Born in 1992 in London, Juliana Kasumu is a photographer with a focus on exploring the contemporary significance of cultural traditions from West Africa. Using conscious imagery to highlight the interconnectivity of women, culture and fashion, her subject matter is chosen based on a quest for personal knowledge concerning issues related to Africa and its Diaspora. Photographs by Juliana Kasumu have been exhibited for the use of raising awareness to less spoken narratives by women of color.
After receiving a bachelor’s degree in Visual Communication from Birmingham City University, Kasumu created an on-going series exploring traditional hair statements within the Yoruba tribe in West Africa. She is committed to researching and sharing ideas that promote West African culture through photography, publications and public programming.
In her most recent body of work, From Moussor to Tignon, Kasumu further expands on her cultural investigations from behind the lens. Throughout history, head-ties have been worn by women to highlight critical elements -culture, class, status- of one’s personal identity. From enslaved servants to wealthy entrepreneurs, a fundamental symbol of womanhood has been the notorious head wrap. By tracing the origins of this global phenomenon, Kasumu presents influential connections between Creoles of color in New Orleans, LA and signers in Senegal, West Africa as iconic leaders of the head wrap movement.
Kasumu depicts the response of women to Governor Esteban Miró’s, Bando de Buen Gobierno (Edict for Good Government), introduced to New Orleans in 1786. This oppressive tactic stated that “gens de couleur” (free women of mixed race) shall cover their heads in public to distinguish themselves from white women.
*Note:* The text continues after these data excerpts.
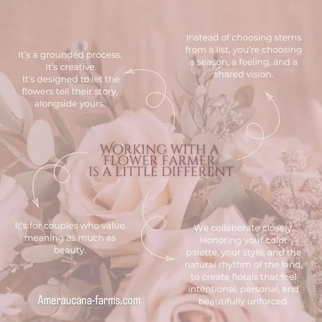 At Ameraucana Farms, our flowers are grown with intention, rooted in the rich soil of our land, and tended with care from seed to bloom. Each stem is cultivated using regenerative and sustainable methods, nourished by clean well water, and free from harmful chemicals. Better for the land, better for your home. We grow with the seasons, offering heirloom varieties, fragrant herbs, and thoughtfully foraged elements that make every arrangement unique and full of life. Most of our seeds, bulbs, and trees are sourced from local farmers and small businesses here in the Pacific Northwest, ensuring our blooms thrive in their native climate. From lush spring tulips and peonies to radiant summer dahlias and autumn textures, our flowers capture the rhythm of the land and the heart of the season. Bring the beauty of the farm into your home, wedding, or gathering, and experience nature’s artistry, grown with care and purpose.
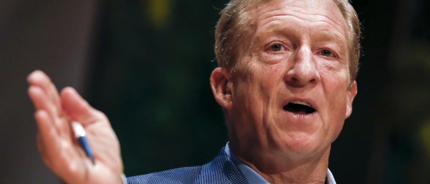 Steyer nodded to his wealth Wednesday, noting his business enterprises made “billions of dollars.” But he also sounded populist tones.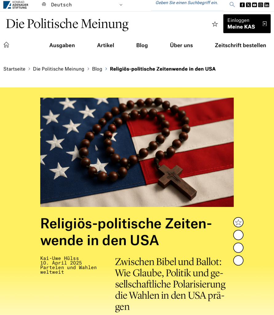Mit der Präsidentschaftswahl 2024 vollzog sich in den USA eine Wende in vielerlei Hinsicht. Im Weißen Haus ist der einfühlsame Katholizismus eines Joe Biden der alttestamentarischen Ellbogengesellschaft Donald Trumps gewichen. In einem ausführlichen Beitrag für „Die Politische Meinung“ der Konrad-Adenauer-Stiftung hat sich der Inhaber von „1600 Pennsylvania“ mit dieser Thematik auseinandergesetzt und dabei festgestellt, dass bislang einzig die Katholische Kirche und weitere Religionsgemeinschaften gegenüber der zweiten Amtszeit von Präsident Trump opponieren.

Such a proposition put at the forefront an array of societal issues -race, marriage, genealogy- and ultimately presented women of color the stage for a satirical protest.
As decreed, women did in fact cover their heads, limiting the cultural visibility of entrancing hairstyles. However, intricate methods of head wrapping combined with foreign embellishments were astutely adapted instead, giving rise to the present day exoticism of the head-tie. In this photo-essay, Kasumu attributes the inspiration of such head wrapping techniques found in New Orleans to the cultural exchange between West Africa and the West Indies during the 18th century.
As a contemporary artist, Kasumu provides viewers the opportunity to engage with images that demystify preconceptions of black women and their bodies. The McKenna Museum of African-American Art in New Orleans, LA, is showing the unique, contemporary exhibition, From Moussor to Tignon: The Evolution of the Head-Tie, between September 10th through October 11th.
The exhibition is organized by the Olaju Art Group in partnership with the Ray Charles Program in African-American Material Culture at Dillard University. The Olaju Art Group was created by founder and director Obafemi Ogunleye, to further develop the documentation, exhibition & preservation of African culture.